Is the word "majorly" now a valid descriptive word for everyday conversation?

As in “majorly upset” etc. as a substitute for “quite” or “very”? Is this now an grammatically acceptable phrase in everyday conversation and written communication?

Define “now.” According to the OED, it’s been used that way since at least 1983, and the word “majorly” dates from 1955.

And certainly it’s grammatically acceptable. What rule of grammar does it break?

The Strunk & White grammarian rule of annoying the hell out of older ears.

Word

I’ll put my curmudgeon credentials up against anyone’s, and it doesn’t bother me – I’ll use it myself in conversation, though I certainly wouldn’t in any but the most casual writing.

Admittedly, it is what S&W would certainly call an awkward adverb. But they merely say you should avoid constructing it, not that constructing it is wrong. And remember, the book is “The Elements of Style,” not “The Elements of Grammar.”

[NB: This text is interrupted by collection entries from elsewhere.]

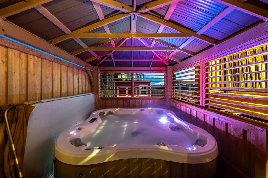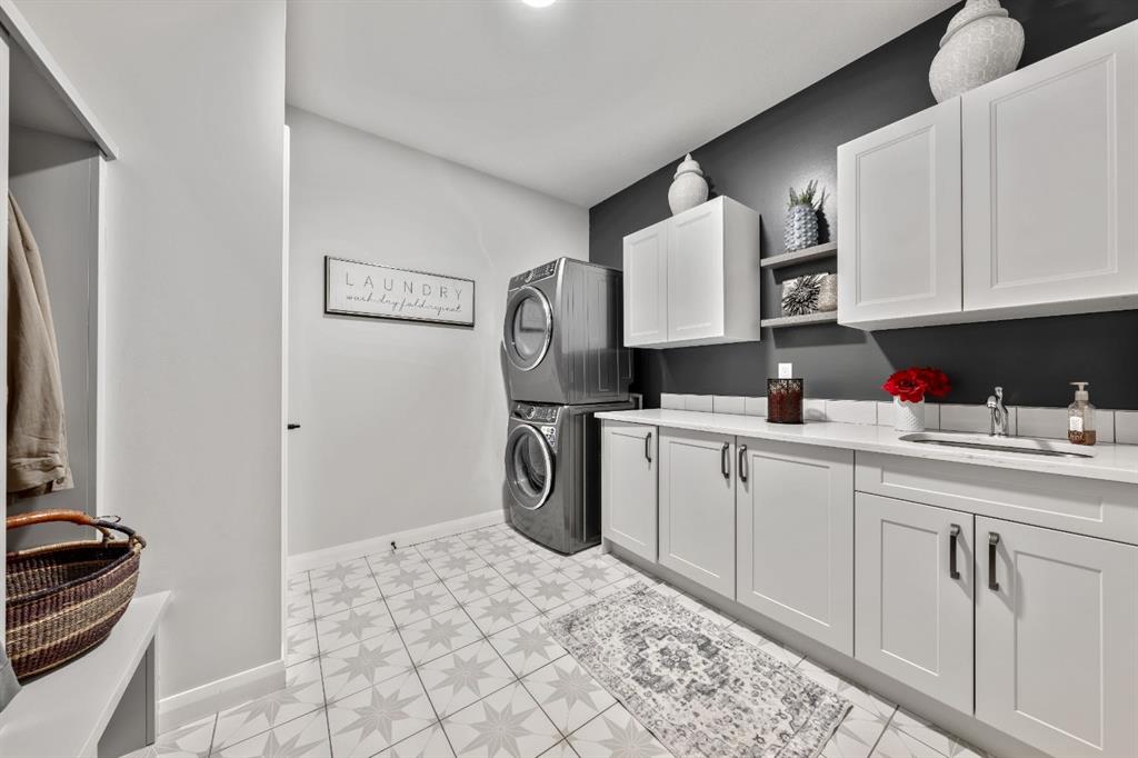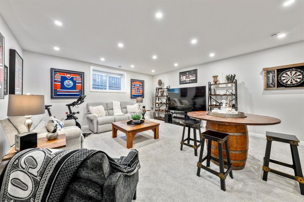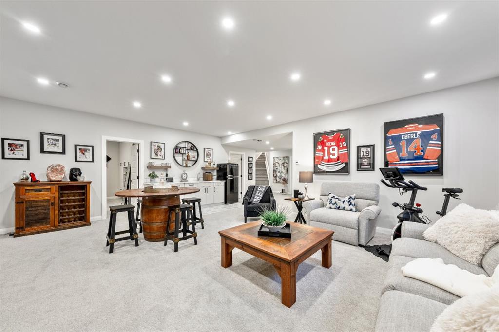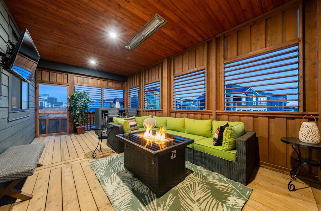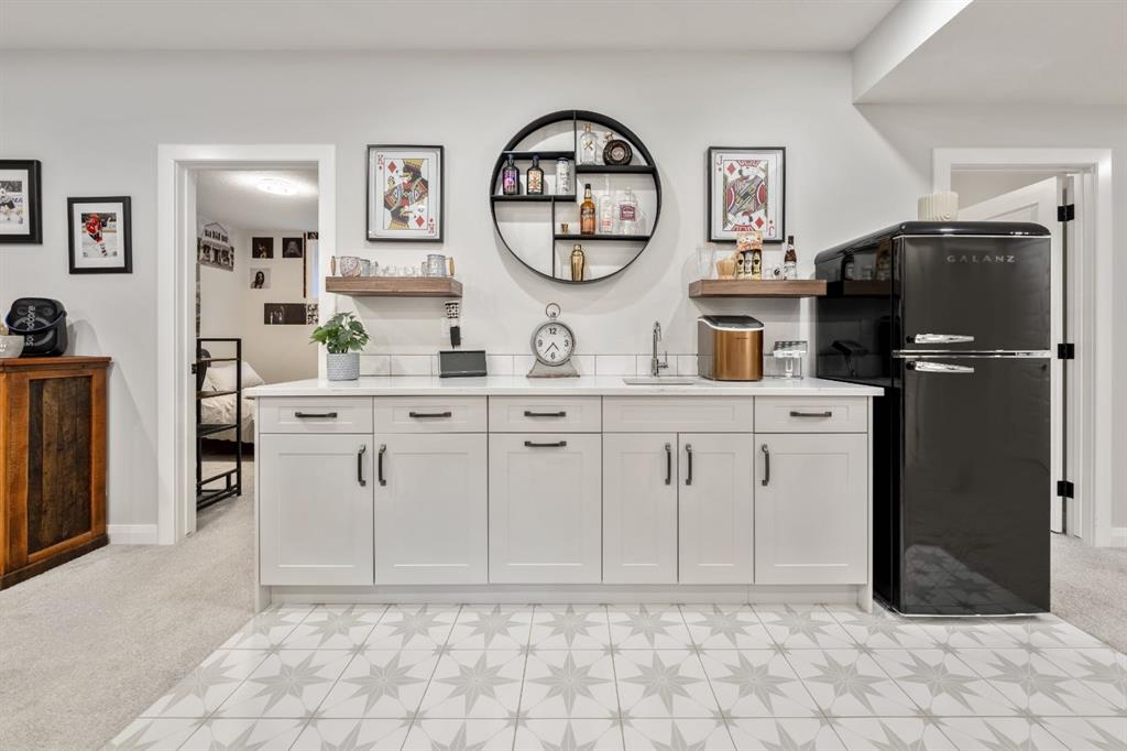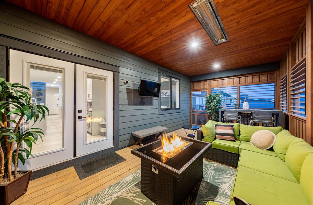 The main level is completed by a generous LAUNDRY ROOM featuring DESIGNER TILE, cabinetry, and a sink for added convenience. Downstairs, the FULLY DEVELOPED BASEMENT offers a comfortable lounge atmosphere with IN-FLOOR HEATING, plush carpeting, a spacious recreation area with WET BAR, THREE ADDITIONAL BEDROOMS with CUSTOM BUILT-IN CLOSETS, a SECOND FULL BATHROOM, and a ROUGHED-IN FUTURE LAUNDRY SPACE. An extension to the home is the closed in exterior deck, this is a true retreat area with the option to open or close the shutters, enjoy family and friends around a cozy fireplace while watching your favorite game on the exterior TV! Finish off the evening with a quick soak in the HOT TUB!
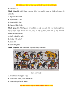 Mảnh ghép số 1: Ai đã đánh bại Triều Tây Sơn, lập ra Triều Nguyễn? A. Nguyễn Phúc Nguyên. B. Nguyễn Hoàng. C. Nguyễn Ánh.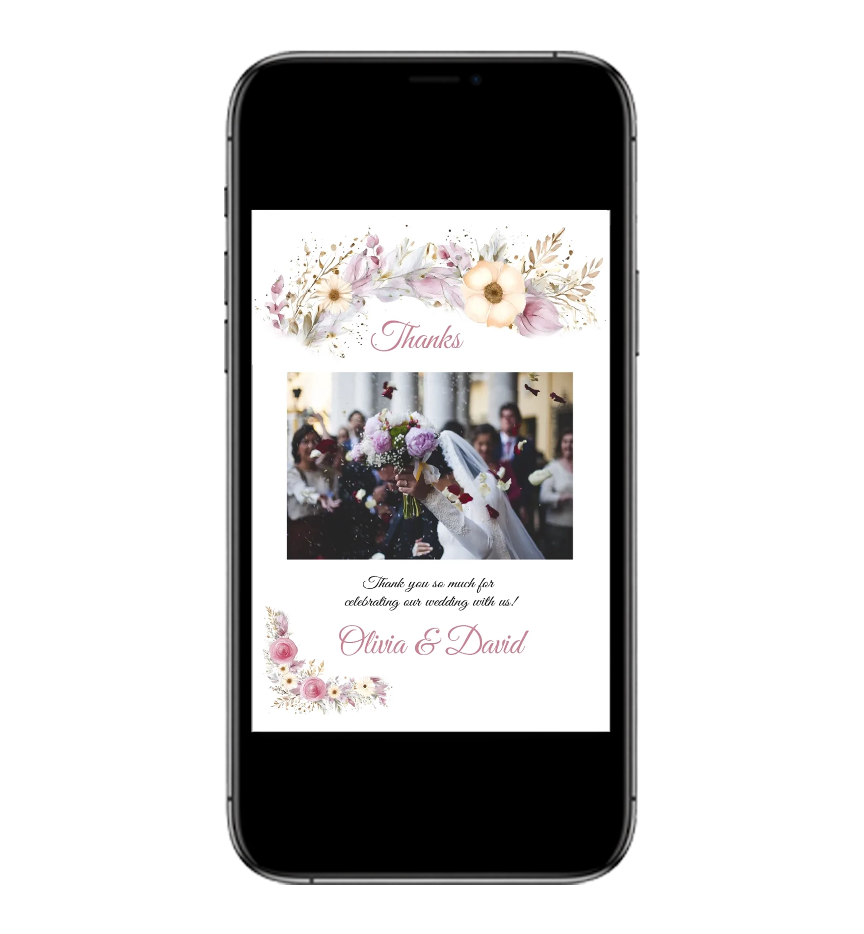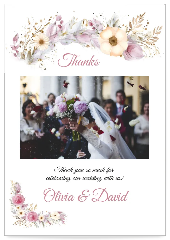Digital Thank You Card Floral Celebration pink design – perfect for summer weddings and romantic events. Delivered as a JPEG via email, ready to send by SMS or email. Fast, simple, and and postage-free!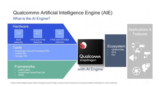 30多年來,高通一直引領移動的創(chuàng)新,無論是通信技術還是人工智能,都有著強大優(yōu)勢。高通對人工智能研究已有十余年,基于智能終端的人工智能平臺,已經演進了三代。并且推出了還推出了人工智能引擎AIE。人工智能引擎硬件上是通過Adreno GPU、Kryo CPU和 Hexagon DSP三種單元,可以智能靈活地執(zhí)行各種AI運算,每個內核架構各不相同,在處理不同AI工作負載時有各自的角色和獨特價值。人工智能引擎的軟件方面,提供了驍龍神經處理SDK、Android NN API(Android O/P都支持)、Hexagon NN,而且同時支持Caffe、Caffe 2、TensorFlow、TensorFlow Lite、ONNX等各種框架。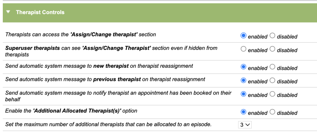 This option allows you to control the number of additional therapist you can allocate to an episode, to a maximum of eight.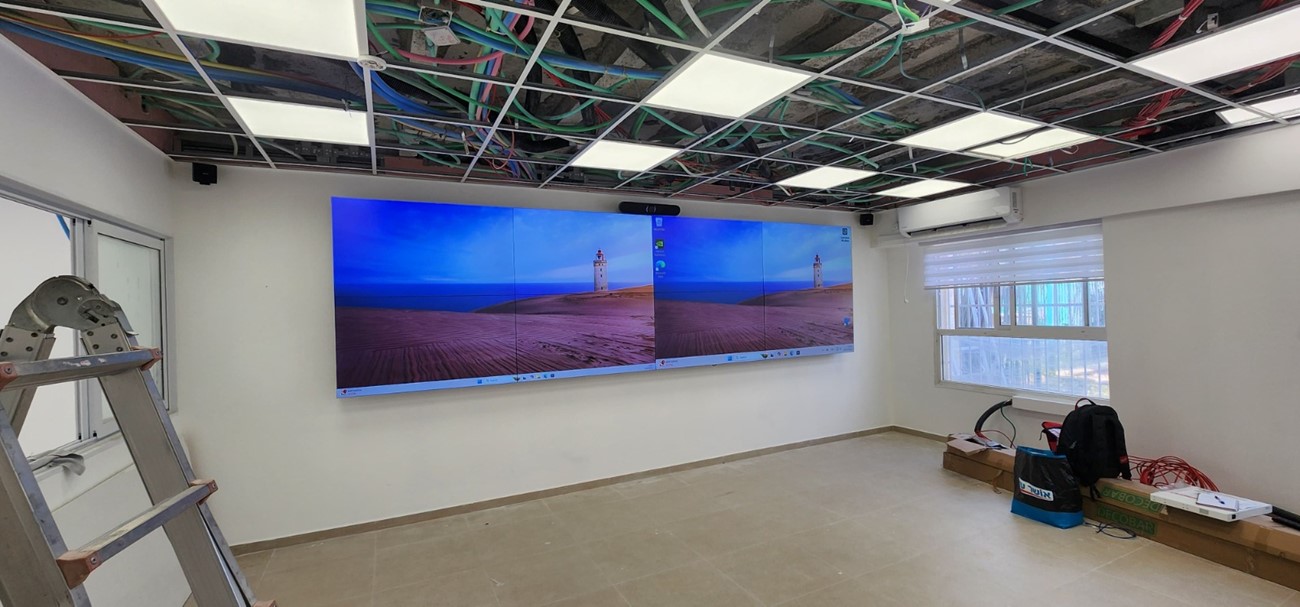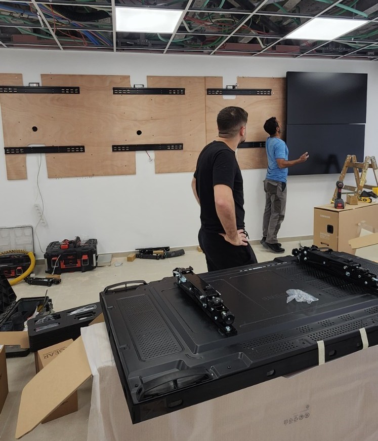קיר מסכים ענק לעיריית מודיעין תהליך ההקמה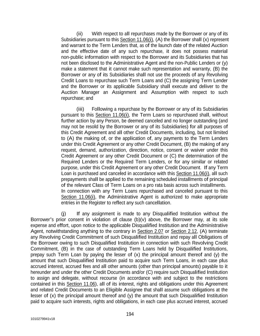 (ii) With respect to all repurchases made by the Borrower or any of its Subsidiaries pursuant to this Section 11.06(i), (A) the Borrower shall (x) represent and warrant to the Term Lenders that, as of the launch date of the related Auction and the effective date of any such repurchase, it does not possess material non-public information with respect to the Borrower and its Subsidiaries that has not been disclosed to the Administrative Agent and the non-Public Lenders or (y) make a statement that it cannot make such representation and warranty, (B) the Borrower or any of its Subsidiaries shall not use the proceeds of any Revolving Credit Loans to repurchase such Term Loans and (C) the assigning Term Lender and the Borrower or its applicable Subsidiary shall execute and deliver to the Auction Manager an Assignment and Assumption with respect to such repurchase; and (iii) Following a repurchase by the Borrower or any of its Subsidiaries pursuant to this Section 11.06(i), the Term Loans so repurchased shall, without further action by any Person, be deemed canceled and no longer outstanding (and may not be resold by the Borrower or any of its Subsidiaries) for all purposes of this Credit Agreement and all other Credit Documents, including, but not limited to (A) the making of, or the application of, any payments to the Term Lenders under this Credit Agreement or any other Credit Document, (B) the making of any request, demand, authorization, direction, notice, consent or waiver under this Credit Agreement or any other Credit Document or (C) the determination of the Required Lenders or the Required Term Lenders, or for any similar or related purpose, under this Credit Agreement or any other Credit Document. If any Term Loan is purchased and canceled in accordance with this Section 11.06(i), all such prepayments shall be applied to the remaining scheduled installments of principal of the relevant Class of Term Loans on a pro rata basis across such installments. In connection with any Term Loans repurchased and canceled pursuant to this Section 11.06(i), the Administrative Agent is authorized to make appropriate entries in the Register to reflect any such cancellation. (j) If any assignment is made to any Disqualified Institution without the Borrower’s prior consent in violation of clause (b)(v) above, the Borrower may, at its sole expense and effort, upon notice to the applicable Disqualified Institution and the Administrative Agent, notwithstanding anything to the contrary in Section 2.07 or Section 2.12, (A) terminate any Revolving Credit Commitment of such Disqualified Institution and repay all Obligations of the Borrower owing to such Disqualified Institution in connection with such Revolving Credit Commitment, (B) in the case of outstanding Term Loans held by Disqualified Institutions, prepay such Term Loan by paying the lesser of (x) the principal amount thereof and (y) the amount that such Disqualified Institution paid to acquire such Term Loans, in each case plus accrued interest, accrued fees and all other amounts (other than principal amounts) payable to it hereunder and under the other Credit Documents and/or (C) require such Disqualified Institution to assign and delegate, without recourse (in accordance with and subject to the restrictions contained in this Section 11.06), all of its interest, rights and obligations under this Agreement and related Credit Documents to an Eligible Assignee that shall assume such obligations at the lesser of (x) the principal amount thereof and (y) the amount that such Disqualified Institution paid to acquire such interests, rights and obligations, in each case plus accrued interest, accrued 194 1010279941v18

Further, “annoying the hell out of older ears” is hardly a fault, since, if followed, it would have stopped words like “bus” or “mob.”

I fear that I might be hijacking this thread, but I’d like to know if this could be considered a grammar mistake. Essentially, people who use “majorly” are adding “ly” to an adjective to make an adverb in a novel way. I wonder if that could be considered a grammar mistake, if you believe in prescriptive grammar. If I coined a new word, “fastly”, to be to adverbial form of “fast” (instead of quickly), would I be grammatically incorrect if I said, “I went to the store fastly”?
Furthermore, what if they had declined to add the “ly” suffix, and just used “major” as an adverb? “It was a major dumb thing to do.” If that’s grammatically incorrect, then why would simply adding an “ly” make it grammatically correct? And if “major dumb” is grammatically correct, wouldn’t any sentence be grammatically correct, if the speaker/writer could just argue that they were using the words in correct grammatical constructions, just not in ways that people had heard before? Couldn’t I say, “The dog mailman bit” and argue that it was grammatically correct, just that “mailman” was a new verb I had coined, and “bit” was some kind of noun? I know this is all pretty farfetched, but I would like to know, essentially, what defines “grammatically correct.”